Elizabeth Siddal
Hubbard, Elbert. Little Journeys to the Homes of Great Lovers: Dante Gabriel Rossetti and Elizabeth Siddal. East Aurora, N.Y.: The Roycrofters, 1906.
Pissarro, Lucien. Rossetti. London: T. C. & E. C. Jack, 1900.
Elizabeth “Lizzie” Siddal was a Pre-Raphaelite artist and model, and the wife of Dante Gabriel Rossetti. The book Little Journeys to the Homes of Great Lovers: Dante Gabriel Rossetti and Elizabeth Siddal refers to a series of biographical pieces written by Elbert Hubbard. Starting in 1894, each month Hubbard released a volume with themes such as “Good Men and Great,” “Famous Women,” “Eminent Artists,” “Great Reformers,” and more.

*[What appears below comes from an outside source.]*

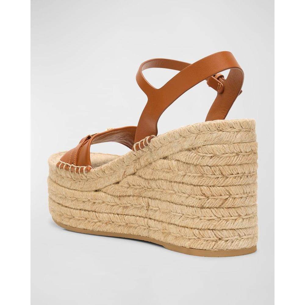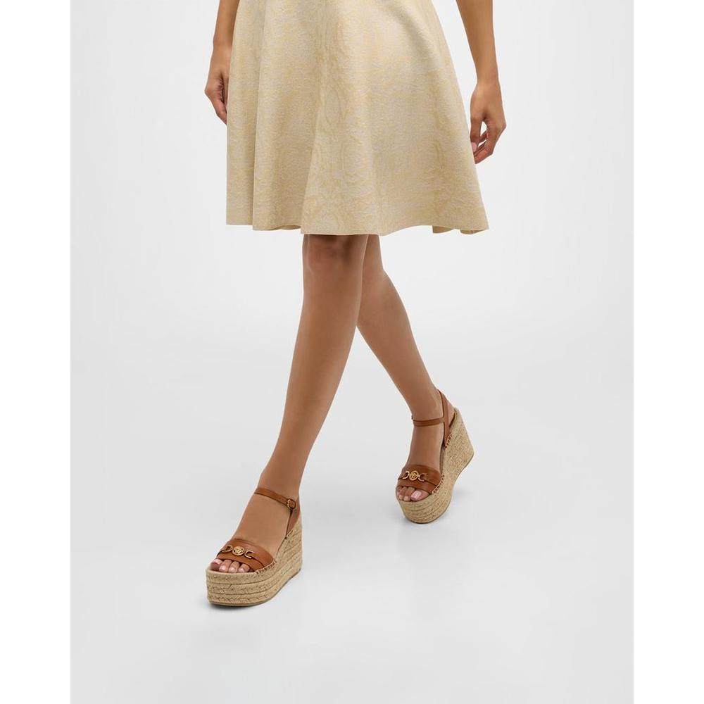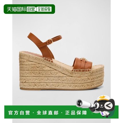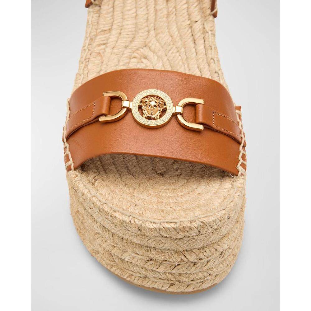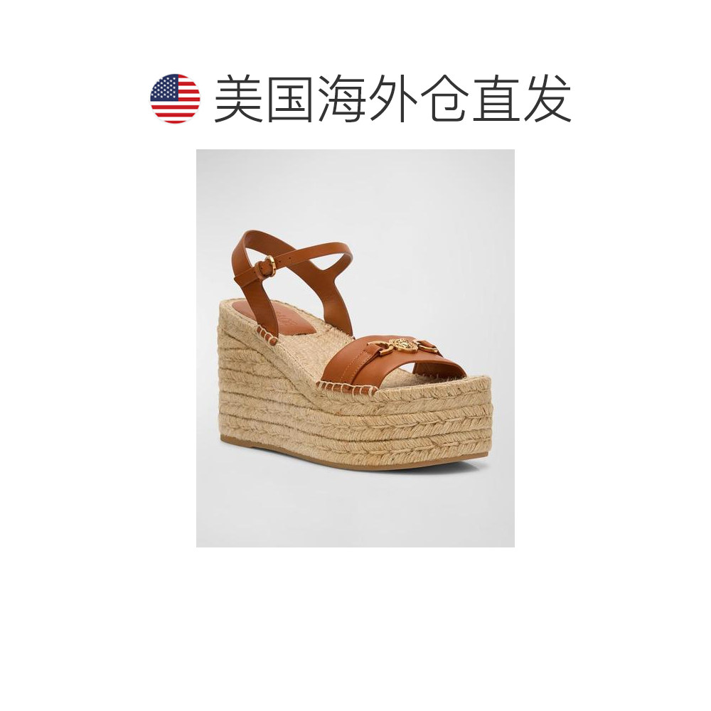 【美国直邮】versace 女士 凉鞋坡跟范思哲草编编织真皮尖头女鞋

According to Hubbard, “Miss Siddal was reserved, because she realized that she could never talk as picturesquely as she could look. People who know their limitations are in the line of evolution. The girl was eager and anxious to learn, and Rossetti set about to educate her. In the operation he found himself loving her with a mad devotion.” Much of the description of Siddal in the book focuses on her looks and devotion to Rossetti, rather than on her personality or accomplishments. Madox Brown’s description of Siddal in her diary is particularly striking: “Saw Miss Siddal, looking thinner and more death-like, and more beautiful and more ragged than ever; a real artist, a woman without parallel for many a long year.” Here the phrase “death-like” is connected to Siddal’s beauty.

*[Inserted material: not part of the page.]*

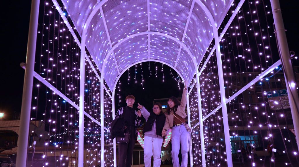 富里火車站前藝文公園所布置的燈飾,結合車站旁的蓮花池,營造出如詩如畫的意境,象徵清淨與希望。民眾可以漫步於公園步道,感受夜晚燈光在水面倒映的靜謐之美。綠光草地公園則打造了流光溢彩的光影長廊,吸引遊客駐足欣賞與拍照。富里鄉公所也特別邀請鄉親和遊客多多利用公園周邊的步道,進行散步或晨間運動,不僅可以欣賞美麗的燈飾,還能享受富里清新的空氣與自然景致。蓮花池旁的涼亭更是絕佳的休憩場所,適合全家人一起來走走看看。

Hubbard describes Rossetti as unapproachable after Siddal’s death: “His friends feared for his sanity, and had he not been closely watched it is quite possible that one grave would have held the lovers.” A year after her death, Rossetti would paint “Beata Beatrix,” a portrait featuring Siddal as Beatrice seated on a balcony overlooking Florence. In Hubbard’s description of the painting, “the beautiful eyes filled with ache, dream and expectation are closed as if in a transport of calm delight. An hourglass is at hand and a dove is just dropping a poppy, the flower of sleep and death, into her open hands. Of course, the picture is a portrait of the dear, dead wife, and so in all the pictures thereafter painted by Dante Gabriel for the twenty years that he lived, you perceive that while he had various models, in them all he traced resemblances to this first, last and only passion of his life.”
Although not included in this exhibition, Siddal illustrated The Lady of Shalott in 1853, one year after modeling for Millais’ Ophelia painting. Using pen ink on paper, Siddal created a sketch depicting the Lady looking outside the window, her tapestry, the cracked mirror, and Lancelot on his horse. The untangled tapestry implies chaos and the undoing of the maiden’s own life at the cracking of the mirror and the curse setting upon her. Viewers might consider the maiden in the sketch to be a self-portrait of Siddal herself. Siddal chooses to depict the maiden at the point the mirror has cracked; she is not passively watching Lancelot or reclining in her boat, but instead is herself active. Siddal’s work both represents and is representative of women’s artistic autonomy. More than a passive muse, she was an artist in her own right who inspired contemporaries such as Waterhouse and Hunt in their depictions of the Lady of Shalott.